Mr. Harper is a very shrewd political animal. But, when it comes to factual analysis, he is not the sharpest tool in the shed. He is planning to build a series of new prisons in anticipation of a crime wave, even though crime (according to Statistics Canada) has declined year after year. The rate of violent crime has remained stable for ten years. His government offers unconditional support for Israel, ignoring the fact that the continued construction of settlements on occupied land and the blockade of Gaza contributes to the misery there.

The truth is that Mr. Harper's certitude is based on faith not fact. And he continues to believe that because he earned a Master's degree at the University of Calgary he is an economist. George Armstrong Custer graduated from West Point; but that did not make him a general. Mr. Ibbitson believes that the Prime Minister deserves kudos for leading the charge against world deficits. Historians may well look at the Toronto Summit and conclude that it was Mr. Harper's Little Big Horn.

This blog entry is cross posted at The Moderate Voice.

7 comments:

DrowseyMonkey said...

Well said. I've missed reading your blog. He seems to think Canadians are very violent, new prisons, huge walls in Toronto for the summit. I was in Toronto for that weekend and there were thousands more peaceful people. Only a few thugs.

Owen Gray said...

You would know far better than those of us who live in the Hinterland, Drowsey.

There is something deeply disturbing about this government's ability to deal with dissent. They distrust those who don't think as they do.

thwap said...

Ibbitson is a revolting, boot-licking hack.

Owen Gray said...

I think Ibbitson's analysis is completely wrong headed. But he has a lot of company.

Nonetheless, your comment is truly unfair. His column simply proves that wisdom cannot be verified by the number of followers it attracts.

Remember when the world was going to fall apart as we entered the year 2000?

thwap said...

I've read his hackery on the subject of torture. I think Ibbitson really is a loathsome excuse for a human being.

The Mound of Sound said...

Owen, the world did fall apart in 2000 only it didn't come from an operating system malfunction but an electoral dysfunction south of the border. The place hasn't been the same since.

As for Ibbitson, he's simply unfortunate.

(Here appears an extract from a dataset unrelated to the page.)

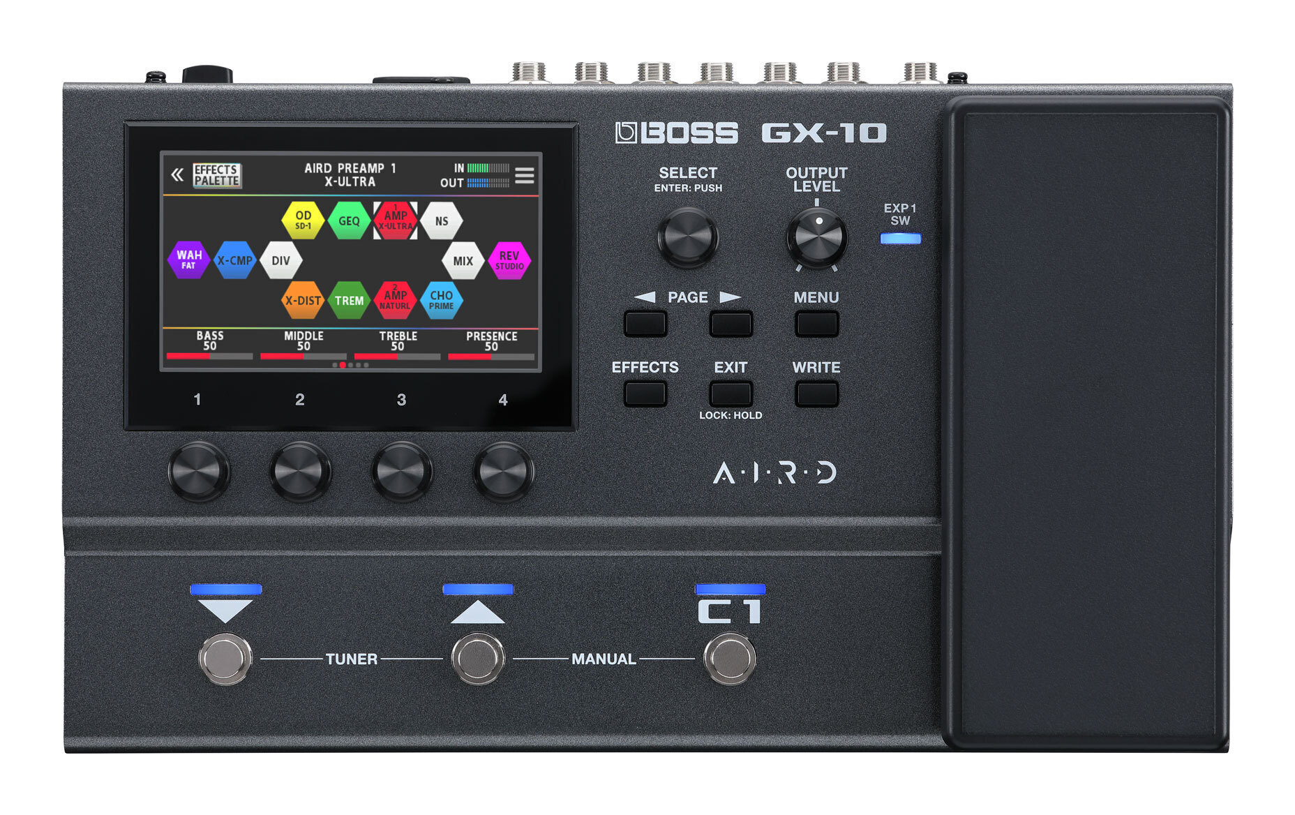 スマートに演奏を彩るポータブル・マルチ・エフェクターモダンでスマートなユーザー・インターフェイスと、優れたサウンドを兼ね備えたBOSSのマルチ・エフェクターGX-100。GX-10は、そのアイデンティティをポータブルなサイズに凝縮しました。独自技術「AIRD」による伸びやかで立体的なアンプ・サウンドや最高峰のアルゴリズムを用いた多数のBOSSエフェクトを内蔵し、タッチ操作に対応したカラー・ディスプレイでスマートなサウンドメイクを実現します。本体3つのフットスイッチは見た目以上のコントロール性を備え、充実したパフォーマンスが可能。ポータブルで堅牢な筐体により、卓上でのレコーディングや練習、スタジオでのセッションからステージでのライブまで、さまざまなシーンで活躍します。小さなサイズでもサウンドにこだわりたい、もっと直感的に操作したい・ギタリストの理想をバランスよく実現したGX-10は、あらゆるプレイヤーにとっての最適解となるはずです。・GX-100と同様のコア・エンジンを継承したポータブルなマルチ・エフェクター・サンプリ

And when it comes to the Harper autocracy and dissent, those he cannot tightly control he gags. Simply look at how he's severed all lines of direct communication between the armed forces and the public service and the Canadian people either directly or through their media.

Owen Gray said...

I understand your fury at Ibbitson's defense of this government's policy toward Afghan detainees, Twap. Even the very bright are capable of extraordinary self-delusion.

And, as "Mound" says, the world changed with the election of George W. -- a collective act of extraordinary self delusion.

What is sad is that this prime minister is equally committed to electoral dysfunction in this country.